TASK ITEM:
Return, exactly and in full, the lines of the records below starting at the one with "It can be seen" and ending at the one with "接着支部书记刘绍彬带领大家在", and no other lines.

EXERCISE INPUT:
• • • • • • •

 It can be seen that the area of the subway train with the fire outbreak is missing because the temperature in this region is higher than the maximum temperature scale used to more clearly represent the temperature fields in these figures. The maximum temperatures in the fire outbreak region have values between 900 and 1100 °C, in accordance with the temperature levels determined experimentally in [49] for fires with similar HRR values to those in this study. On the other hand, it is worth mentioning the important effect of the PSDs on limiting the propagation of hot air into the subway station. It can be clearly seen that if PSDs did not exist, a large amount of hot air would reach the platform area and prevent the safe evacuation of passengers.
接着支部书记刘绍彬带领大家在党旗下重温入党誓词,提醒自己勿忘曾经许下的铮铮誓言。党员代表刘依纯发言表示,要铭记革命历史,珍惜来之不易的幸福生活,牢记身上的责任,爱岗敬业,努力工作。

• • • • • • •

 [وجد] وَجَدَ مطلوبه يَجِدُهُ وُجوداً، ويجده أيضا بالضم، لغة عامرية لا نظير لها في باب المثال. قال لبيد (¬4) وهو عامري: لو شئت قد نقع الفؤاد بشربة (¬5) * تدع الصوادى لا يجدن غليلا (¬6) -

• • • • • • •

RESPONSE TO THIS TASK:
 It can be seen that the area of the subway train with the fire outbreak is missing because the temperature in this region is higher than the maximum temperature scale used to more clearly represent the temperature fields in these figures. The maximum temperatures in the fire outbreak region have values between 900 and 1100 °C, in accordance with the temperature levels determined experimentally in [49] for fires with similar HRR values to those in this study. On the other hand, it is worth mentioning the important effect of the PSDs on limiting the propagation of hot air into the subway station. It can be clearly seen that if PSDs did not exist, a large amount of hot air would reach the platform area and prevent the safe evacuation of passengers.
接着支部书记刘绍彬带领大家在党旗下重温入党誓词,提醒自己勿忘曾经许下的铮铮誓言。党员代表刘依纯发言表示,要铭记革命历史,珍惜来之不易的幸福生活,牢记身上的责任,爱岗敬业,努力工作。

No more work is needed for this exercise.